A stabilirlo è la Corte di Cassazione con l’Ordinanza n. 9268 del 3 aprile 2019. La pronuncia dei giudici conferma pertanto il principio secondo il quale è legittimo licenziare la lavoratrice il cui stato di gravidanza inizi durante il periodo di preavviso.
Gravidanza accertata durante periodo di preavviso: il caso
La vicenda trae origine da un licenziamento impugnato da una lavoratrice, in quanto a suo avviso illegittimo perchè intimato durante il periodo protetto di maternità, di cui all’art. 54 del D.Lgs. n. 151/2001. La Corte d’Appello di Ancona, in riforma della sentenza di primo grado, aveva respinto la domanda della dipendente.
A detta dei giudici della Corte d’Appello, il licenziamento, intimato per giustificato motivo oggettivo, si era perfezionato alla data di ricevimento da parte della lavoratrice della relativa lettera.
Nel caso di specie, l’inizio dello stato di gravidanza era stato accertato in data successiva all’intimazione del recesso, ma prima della scadenza del preavviso.

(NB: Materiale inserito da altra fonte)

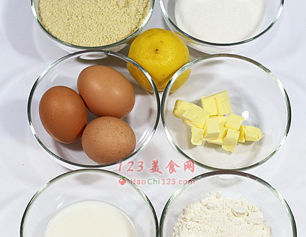 3、用刮皮刀将柠檬皮轻轻刮下,加入牛奶,融化的黄油及柠檬皮屑,搅拌均匀。

La lavoratrice ricorreva alla Corte di Cassazione. Il motivo del ricorso si basava sulla l’errata valutazione della natura del preavviso come obbligatoria anziché reale. Pertanto, secondo la dipendente, l’evento di gravidanza, anche se avvenuto nel corso del periodo di preavviso, rende comunque operante la tutela predetta.
La sentenza
La Suprema Corte ha ritenuto i motivi della lavoratrice infondate e respinto il ricorso. Gli ermellini evidenziano che il licenziamento si perfeziona nel momento in cui il lavoratore viene a conoscenza della manifestazione di volontà del datore di lavoro di recedere. A nulla rileva quindi la circostanza che l’efficacia, ossia la produzione dell’effetto tipico della risoluzione del rapporto di lavoro, avviene in un momento successivo.
Pertanto, la verifica del recesso unilaterale deve essere compiuta in relazione all’esatto momento in cui il dipendente viene a conoscenza del licenziamento e non, qualora il licenziamento è intimato con preavviso, al successivo momento della scadenza del preavviso stesso. Tale principio, tra l’altro, si conferma anche nel caso di decadenza del termine stragiudiziale di 60 giorni (art. 6, L. n. 604/1966). Il termine, in tale fattispecie, decorre dalla comunicazione del licenziamento e non già dalla data di effettiva cessazione del rapporto.
In definitiva, lo stato di gravidanza, insorto durante il periodo di preavviso, se pure non è causa di nullità del licenziamento, costituisce evento idoneo a determinare la sospensione del periodo di preavviso. Sospensione che in questo caso dura fino al compimento dell’anno del bambino, ovvero fino alla fine del periodo protetto.